◆ **INFORMATION GIVEN**
╭──

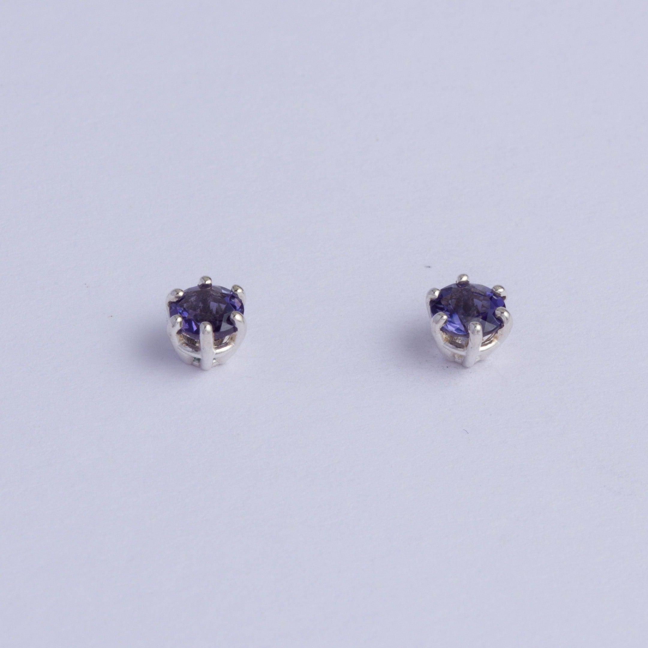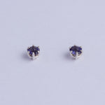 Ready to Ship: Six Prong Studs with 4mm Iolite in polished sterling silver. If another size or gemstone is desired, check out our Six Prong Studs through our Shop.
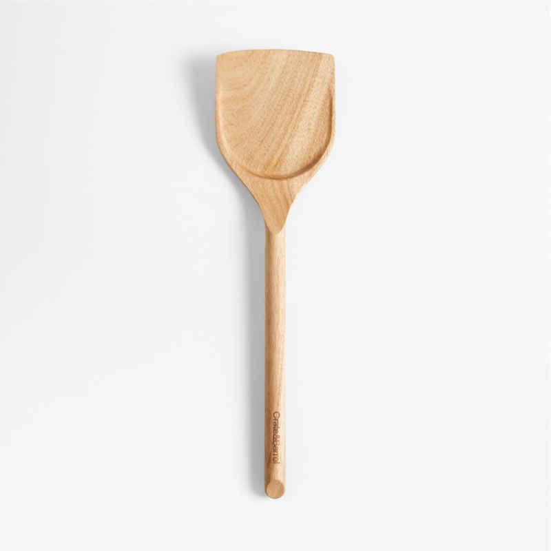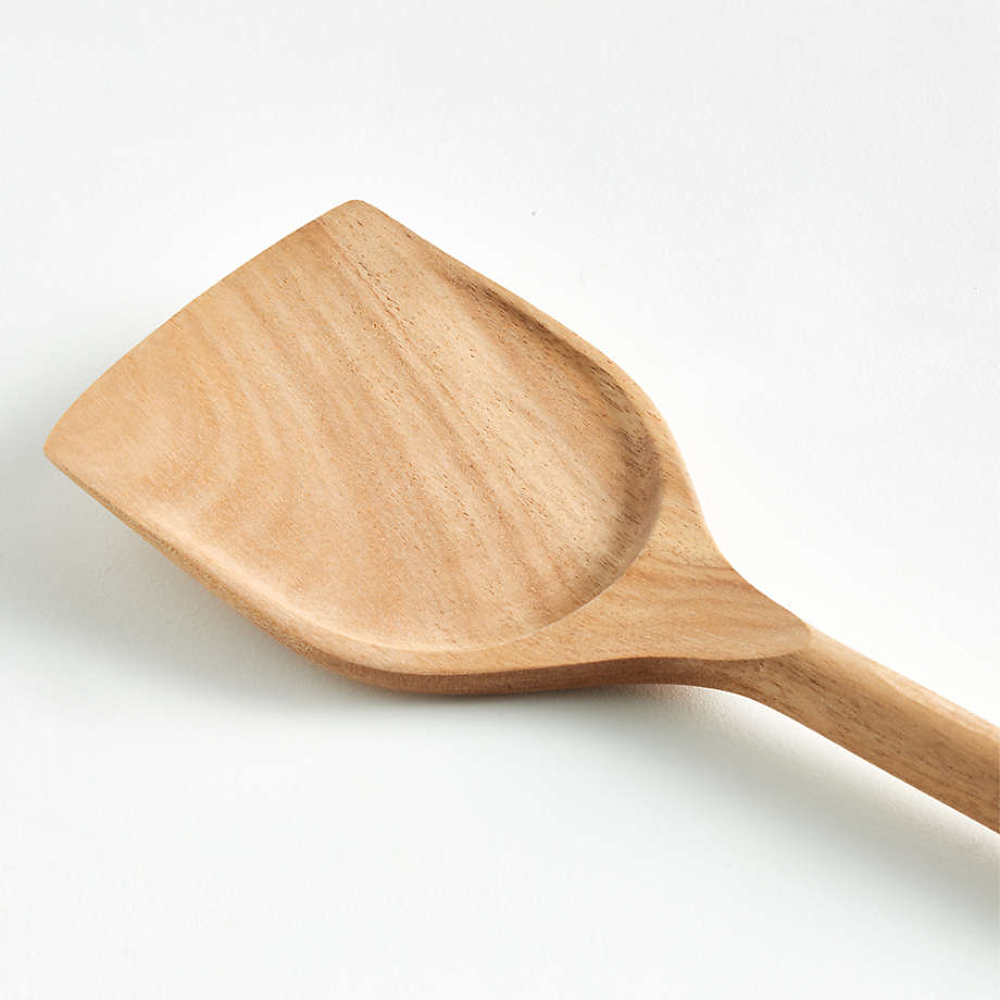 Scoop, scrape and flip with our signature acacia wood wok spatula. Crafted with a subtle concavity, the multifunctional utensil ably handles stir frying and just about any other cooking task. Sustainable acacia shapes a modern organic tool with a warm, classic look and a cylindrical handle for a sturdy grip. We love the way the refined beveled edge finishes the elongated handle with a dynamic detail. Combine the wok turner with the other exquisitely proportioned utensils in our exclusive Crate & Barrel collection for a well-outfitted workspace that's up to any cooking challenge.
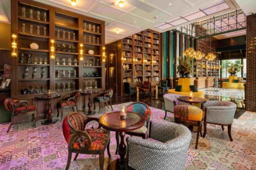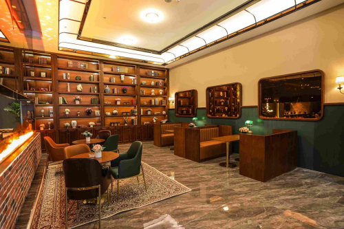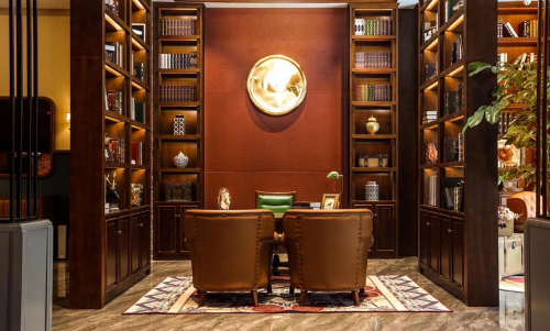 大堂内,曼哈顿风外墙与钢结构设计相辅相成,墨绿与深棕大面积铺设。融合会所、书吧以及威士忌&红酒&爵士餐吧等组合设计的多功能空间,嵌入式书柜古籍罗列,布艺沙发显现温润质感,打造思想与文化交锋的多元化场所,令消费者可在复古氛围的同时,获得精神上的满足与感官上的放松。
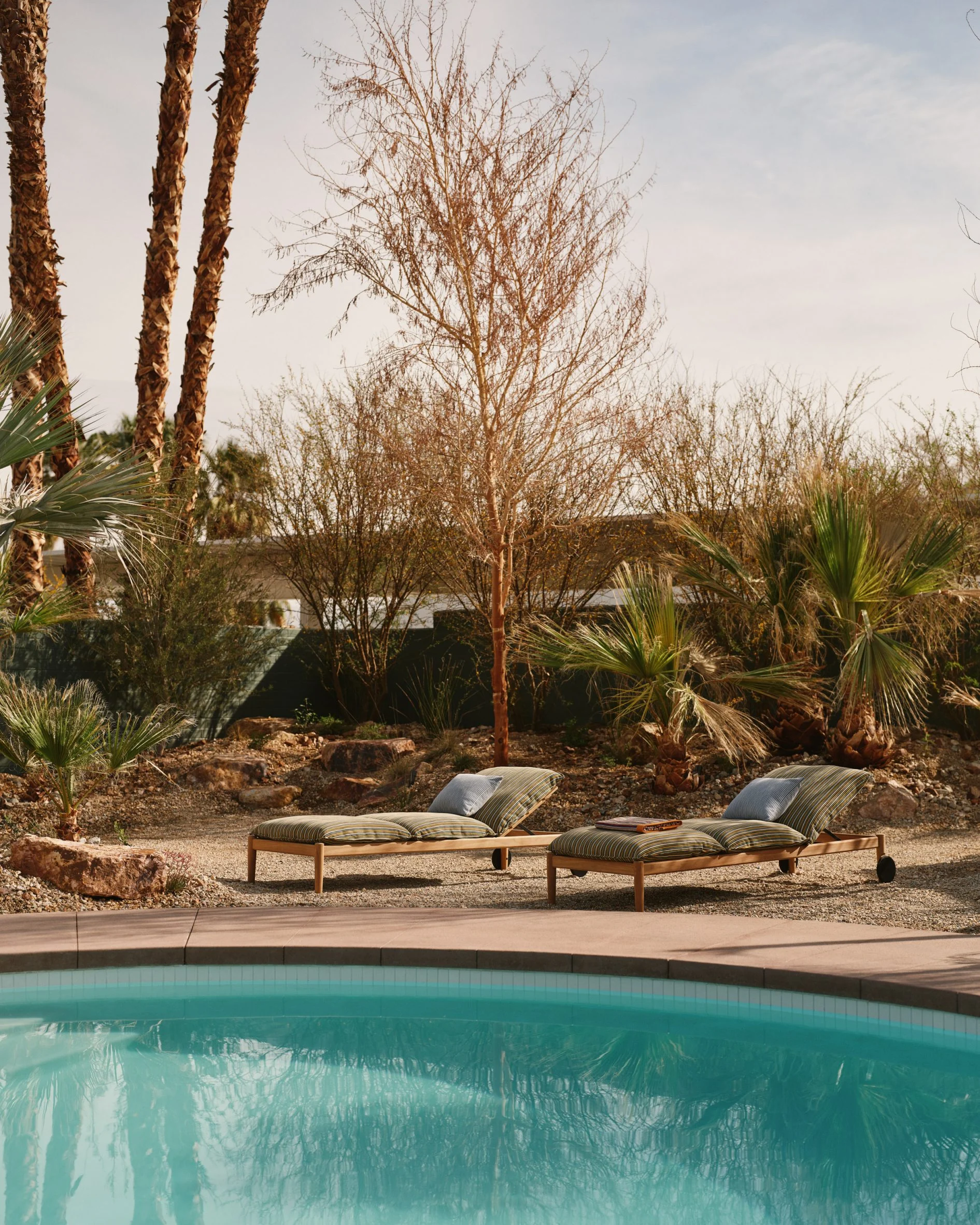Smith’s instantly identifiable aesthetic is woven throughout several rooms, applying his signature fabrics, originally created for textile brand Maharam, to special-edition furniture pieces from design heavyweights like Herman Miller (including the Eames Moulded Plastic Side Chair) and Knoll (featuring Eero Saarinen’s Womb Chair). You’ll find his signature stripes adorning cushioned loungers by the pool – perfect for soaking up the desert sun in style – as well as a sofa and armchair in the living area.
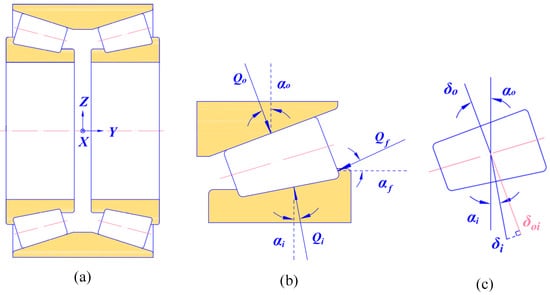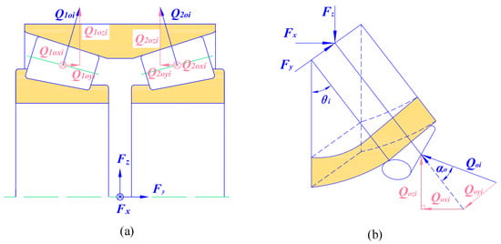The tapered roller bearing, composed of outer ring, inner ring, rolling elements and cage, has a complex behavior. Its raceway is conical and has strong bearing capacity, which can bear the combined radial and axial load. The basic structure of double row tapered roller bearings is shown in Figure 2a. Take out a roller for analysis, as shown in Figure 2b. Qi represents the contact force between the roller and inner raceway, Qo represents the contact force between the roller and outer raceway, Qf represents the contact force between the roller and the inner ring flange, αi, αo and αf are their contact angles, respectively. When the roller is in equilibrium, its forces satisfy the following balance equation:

╰──
╭──

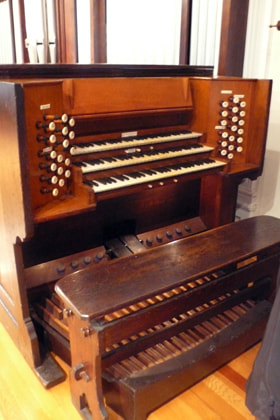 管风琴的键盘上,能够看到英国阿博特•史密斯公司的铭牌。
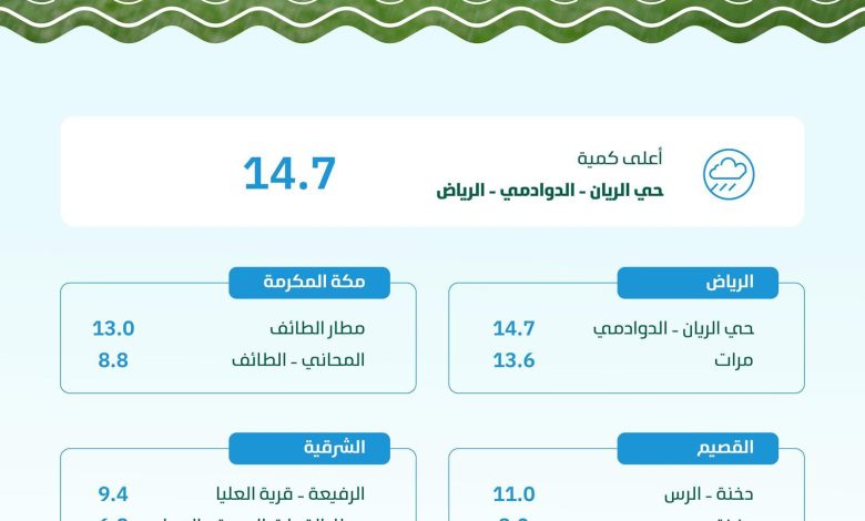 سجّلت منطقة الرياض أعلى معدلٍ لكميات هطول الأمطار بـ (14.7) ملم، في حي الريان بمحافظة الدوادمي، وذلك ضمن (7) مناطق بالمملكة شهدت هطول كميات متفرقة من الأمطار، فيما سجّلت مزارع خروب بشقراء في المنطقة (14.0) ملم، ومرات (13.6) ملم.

╰──

◆ **TASK GOAL**
In the entries above, find the line with "Scoop, scrape and" and the line with "The tapered roller". Write out exactly those two lines and every line between them, pictures excluded.

◆ **TASK RESULT**
 Scoop, scrape and flip with our signature acacia wood wok spatula. Crafted with a subtle concavity, the multifunctional utensil ably handles stir frying and just about any other cooking task. Sustainable acacia shapes a modern organic tool with a warm, classic look and a cylindrical handle for a sturdy grip. We love the way the refined beveled edge finishes the elongated handle with a dynamic detail. Combine the wok turner with the other exquisitely proportioned utensils in our exclusive Crate & Barrel collection for a well-outfitted workspace that's up to any cooking challenge.
 大堂内,曼哈顿风外墙与钢结构设计相辅相成,墨绿与深棕大面积铺设。融合会所、书吧以及威士忌&红酒&爵士餐吧等组合设计的多功能空间,嵌入式书柜古籍罗列,布艺沙发显现温润质感,打造思想与文化交锋的多元化场所,令消费者可在复古氛围的同时,获得精神上的满足与感官上的放松。
Smith’s instantly identifiable aesthetic is woven throughout several rooms, applying his signature fabrics, originally created for textile brand Maharam, to special-edition furniture pieces from design heavyweights like Herman Miller (including the Eames Moulded Plastic Side Chair) and Knoll (featuring Eero Saarinen’s Womb Chair). You’ll find his signature stripes adorning cushioned loungers by the pool – perfect for soaking up the desert sun in style – as well as a sofa and armchair in the living area.
The tapered roller bearing, composed of outer ring, inner ring, rolling elements and cage, has a complex behavior. Its raceway is conical and has strong bearing capacity, which can bear the combined radial and axial load. The basic structure of double row tapered roller bearings is shown in Figure 2a. Take out a roller for analysis, as shown in Figure 2b. Qi represents the contact force between the roller and inner raceway, Qo represents the contact force between the roller and outer raceway, Qf represents the contact force between the roller and the inner ring flange, αi, αo and αf are their contact angles, respectively. When the roller is in equilibrium, its forces satisfy the following balance equation:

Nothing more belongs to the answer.